● Your instructions
Leave the pictures out and give every entry again exactly.

(Data excerpts)
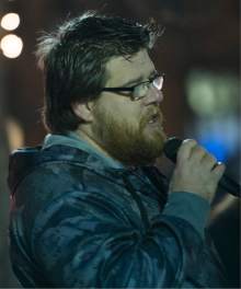 Craig Bowden talks to a small group of people against police violence, in front of the Federal Building in Ogden, Saturday, December 20, 2014
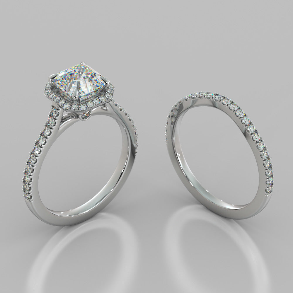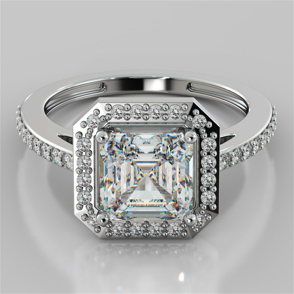 Asscher Cut Cathedral Style Two-Tier Pavé…
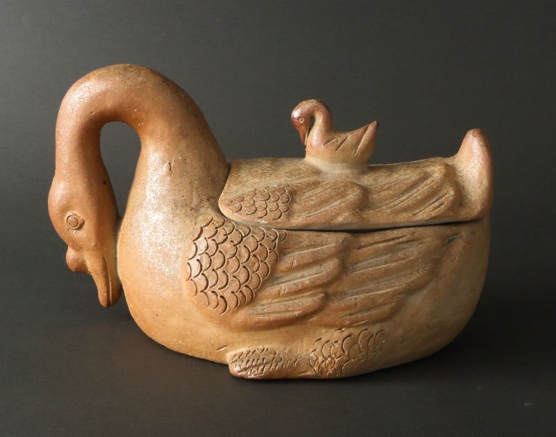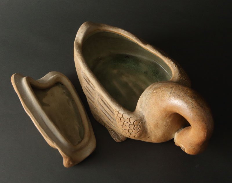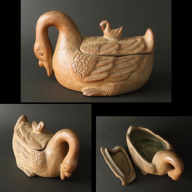 委託HK◇時代 信楽親子鴨形蓋物(茶道具 陶磁器 陶芸 信楽焼 古信楽 動物 鳥獣 菓子器 食器 喰籠 料理 菓子 小物入れ 古物 飾り 置物)
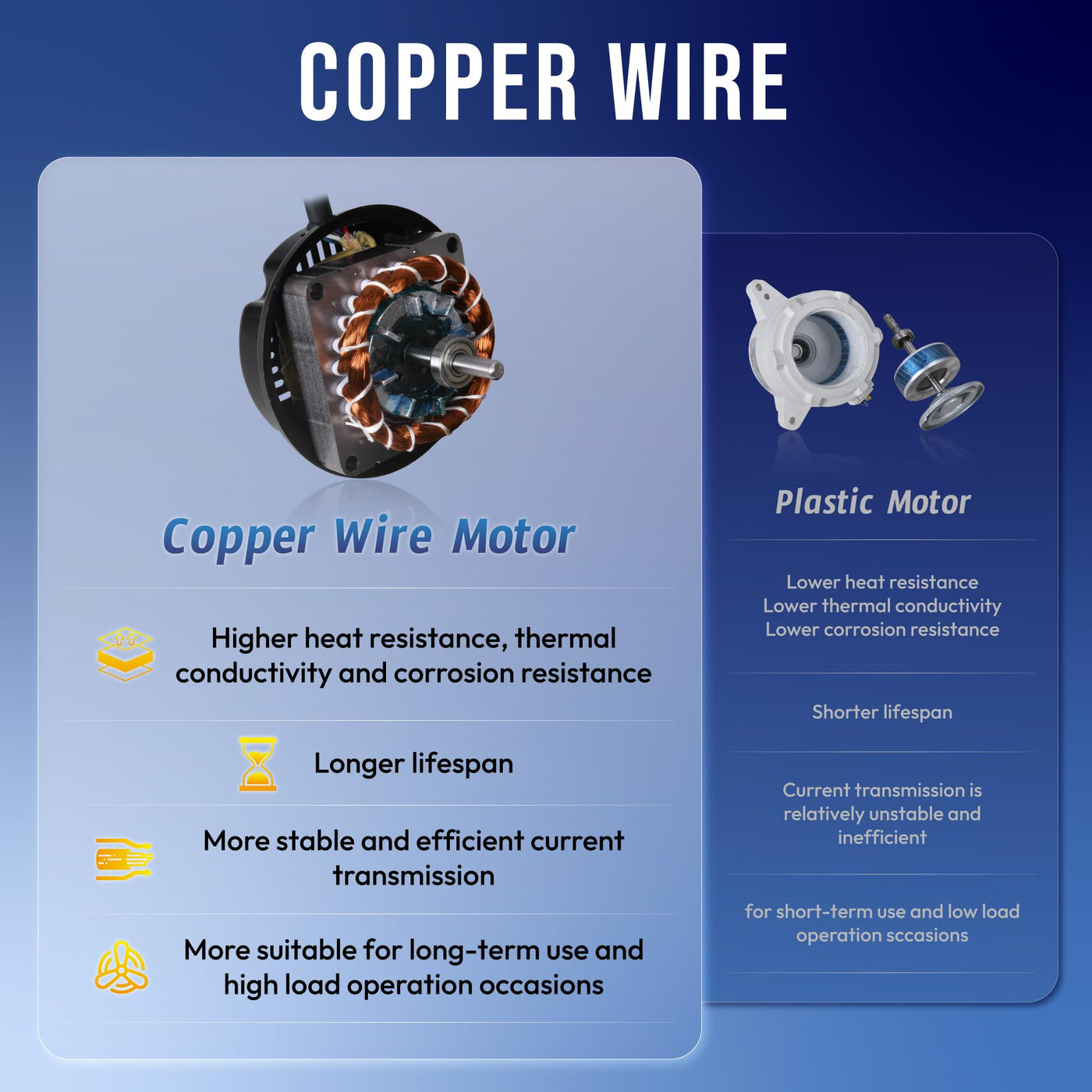 Q: What is the length of the power cord for the Tornado wall fan?A: The Tornado wall fan is equipped with an extra-long 6-foot SJT-R power cord, providing flexibility in positioning the fan while ensuring it can reach standard electrical outlets.
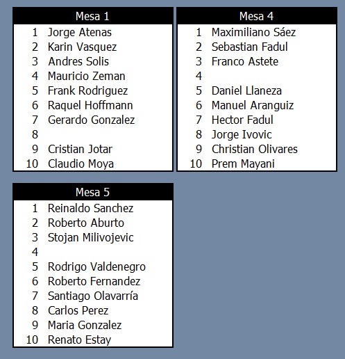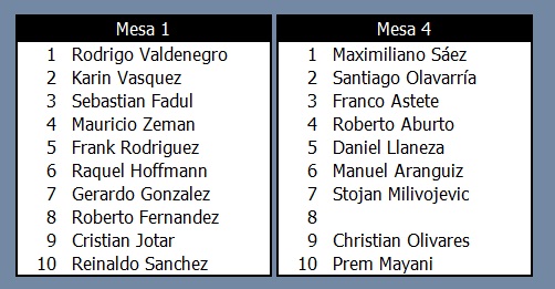 Nos encontramos con 26 jugadores aún en juego en momentos en que las ciegas están a 4.500.000/9.000.000. El promedio de fichas es de 166 milones por jugador. Así están conformadas las mesas en estos minutos:
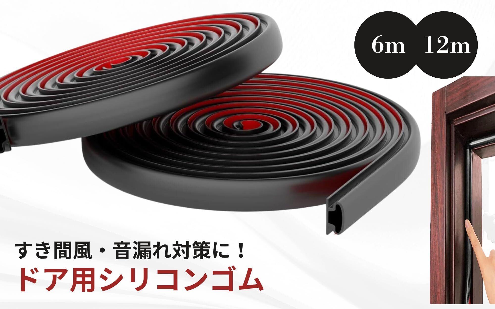 [Crystal craft] 防音材 ドア シリコンテープ 隙間 スキマ風防止 ドア1枚分 6m 【ブラック】
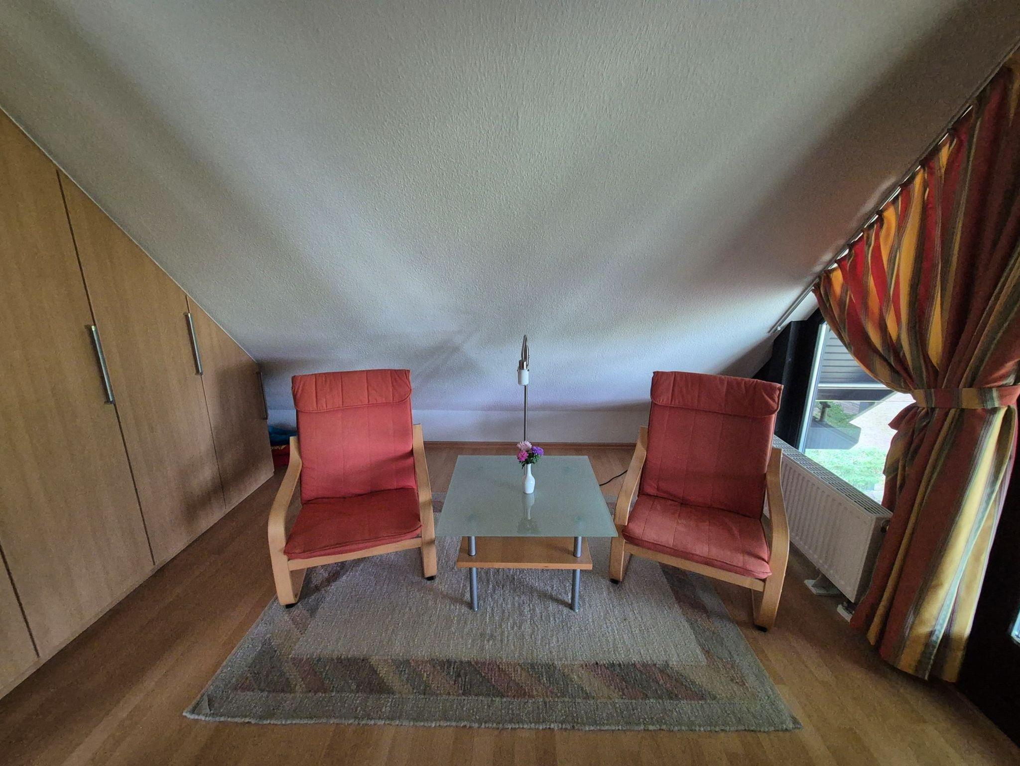 Sie können auf der Terrasse verweilen oder sich auf dem goßzügigen Naturgrundstück, welches von Büschen und Buchen umgeben ist,erholen.
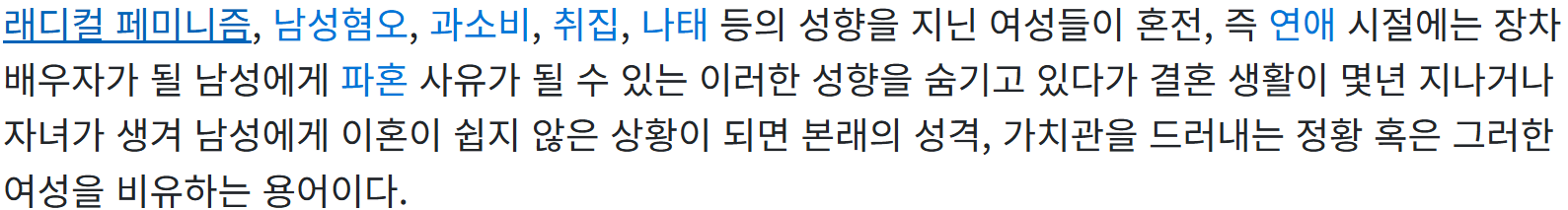 처가에 대한 열등의식이 항상 존재할테니 장인 장모가 농담으로 얘기해도 진지하게 듣고 '처가에선 날 이리 무시하는구나' 하고 스택 쌓다가 부부끼리 사소한 말다툼이라도 생기면 바로 과거 벤츠부터 해서 히스토리를 쫙 읊으며 자기 무시한 연대기를 달달 말할듯 | 26.03.27 20:38 | | |
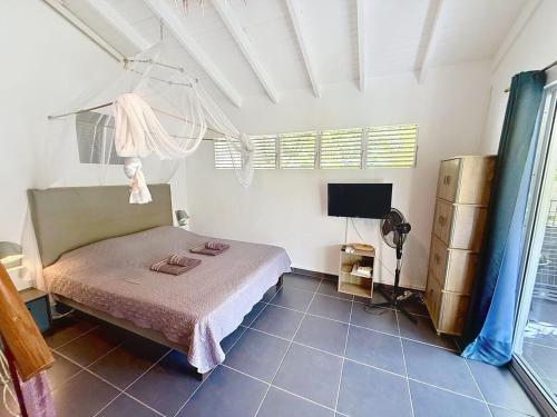 Location saisonnière dans résidence avec piscine坐落于莱特鲁瓦西莱,距离驴湾海滩(Anse a l'Ane Beach)仅有4分钟步行路程,配备海滨住宿、户外游泳池、花园、露台和免费WiFi。内部提供私人停车位。

● Response to this task
 Craig Bowden talks to a small group of people against police violence, in front of the Federal Building in Ogden, Saturday, December 20, 2014
 Asscher Cut Cathedral Style Two-Tier Pavé…
 委託HK◇時代 信楽親子鴨形蓋物(茶道具 陶磁器 陶芸 信楽焼 古信楽 動物 鳥獣 菓子器 食器 喰籠 料理 菓子 小物入れ 古物 飾り 置物)
 Q: What is the length of the power cord for the Tornado wall fan?A: The Tornado wall fan is equipped with an extra-long 6-foot SJT-R power cord, providing flexibility in positioning the fan while ensuring it can reach standard electrical outlets.
 Nos encontramos con 26 jugadores aún en juego en momentos en que las ciegas están a 4.500.000/9.000.000. El promedio de fichas es de 166 milones por jugador. Así están conformadas las mesas en estos minutos:
 [Crystal craft] 防音材 ドア シリコンテープ 隙間 スキマ風防止 ドア1枚分 6m 【ブラック】
 Sie können auf der Terrasse verweilen oder sich auf dem goßzügigen Naturgrundstück, welches von Büschen und Buchen umgeben ist,erholen.
 처가에 대한 열등의식이 항상 존재할테니 장인 장모가 농담으로 얘기해도 진지하게 듣고 '처가에선 날 이리 무시하는구나' 하고 스택 쌓다가 부부끼리 사소한 말다툼이라도 생기면 바로 과거 벤츠부터 해서 히스토리를 쫙 읊으며 자기 무시한 연대기를 달달 말할듯 | 26.03.27 20:38 | | |
 Location saisonnière dans résidence avec piscine坐落于莱特鲁瓦西莱,距离驴湾海滩(Anse a l'Ane Beach)仅有4分钟步行路程,配备海滨住宿、户外游泳池、花园、露台和免费WiFi。内部提供私人停车位。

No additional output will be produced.